El 12 de septiembre de 2024, el Movistar Arena fue escenario de la Liga Bazooka, uno de los eventos de batallas escritas más convocantes de la cultura Hip-Hop argentina. Con un marco imponente de público y una creciente presencia en redes, la Liga ha logrado posicionarse como un fenómeno de masas que hereda (o parece tender a eso) el lugar que alguna vez ocupó el freestyle en el centro del mainstream.
En esta edición, la batalla estelar enfrentó a Chili Parker —reconocido como uno de los máximos exponentes del circuito y pionero del rap argentino— y G Sony, histórico referente del freestyle, campeón de la Red Bull Batalla 2014 y figura consolidada en la escena. El duelo fue intenso, pero también polémico.
Durante su último round, Sony respondió a un tuit de Chili que banalizaba la desaparición forzada de Santiago Maldonado, y subió al escenario a Sergio Maldonado junto a otras personas, desplegando una pancarta que exigía justicia por Santiago. El gesto fue poderoso, pero también despertó una oleada de comentarios negativos en redes y en el propio video de YouTube, donde muchxs sostenían que “la política no debe mezclarse con el rap”.

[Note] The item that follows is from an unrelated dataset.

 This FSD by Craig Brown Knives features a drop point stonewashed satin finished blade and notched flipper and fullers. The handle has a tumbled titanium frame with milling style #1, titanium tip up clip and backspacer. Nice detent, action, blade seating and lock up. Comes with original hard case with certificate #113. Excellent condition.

Sin embargo, esa reacción plantea un problema: ¿por qué denunciar una desaparición forzada sería “politizar” la batalla, pero reproducir el discurso oficial que encubrió el caso, no? La postura de Chili Parker, que minimiza la responsabilidad del Estado en la muerte de Maldonado, no es neutral: coincide punto por punto con la línea del gobierno de Mauricio Macri y de Patricia Bullrich, entonces Ministra de Seguridad. Es un discurso que busca borrar el rol represivo del aparato estatal y convertir una desaparición en accidente. Y eso también es política.
Chili, además, ha sido señalado en varias oportunidades por sostener posturas afines a la agenda de la derecha: crítica al feminismo, rechazo al colectivo LGBTIQ+, apoyo al gobierno de Milei. En sus barras hay referencias violentas, como en su enfrentamiento con Blue One (México), donde volvió a mencionar el caso Maldonado de forma abiertamente burlesca y cosificante, ironizando incluso con el cuerpo del joven ahogado. Ese fragmento, lejos de ser sólo “provocación”, revela una ideología que se expresa sin tapujos bajo la lógica del entretenimiento.

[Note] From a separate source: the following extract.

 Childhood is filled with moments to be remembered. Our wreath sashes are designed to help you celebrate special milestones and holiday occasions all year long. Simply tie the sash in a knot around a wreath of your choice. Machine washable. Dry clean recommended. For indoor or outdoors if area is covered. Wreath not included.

“Todos te vimos naufragar por el escenario por olvidarte los rounds, manotazos de ahogado a full pero gracias a esos olvidos hoy vas a descubrir tu sexualidad. Esa es la laguna azul y para que podamos estudiarlo y aprender, la ciencia nos donó este cuerpo todo ahogado y pero en los papeles faltaba una firma y no lo vamos a poder estudiar este hippie fue MAL DONADO”
Frente a esto, hay una pregunta que no se puede eludir: ¿Hasta qué punto las batallas escritas son solo un “deporte verbal”, y cuándo se convierten en plataforma para discursos de odio?
El hip-hop, desde sus orígenes, fue una cultura de resistencia, de denuncia contra el racismo, la represión, la marginalización. En ese marco, las batallas —incluso las más crudas— siempre tuvieron una dimensión ética, donde el ingenio no debía ser excusa para legitimar la violencia simbólica o política. Hoy, en un contexto donde el gobierno de Milei ataca a la cultura, desfinancia el arte, y promueve un discurso abiertamente reaccionario, es clave preguntarnos desde qué lugar se rapea y a quién se le da voz.
La respuesta no está en censurar, sino en disputar sentidos. Las batallas escritas, con su potencia creativa, su masividad y su capacidad de llegar a nuevas generaciones, no pueden ser un canal más para los discursos del poder. Tienen que ser, como lo fueron desde el Bronx hasta nuestros barrios, una herramienta para visibilizar lo que duele, lo que se reprime, lo que se calla.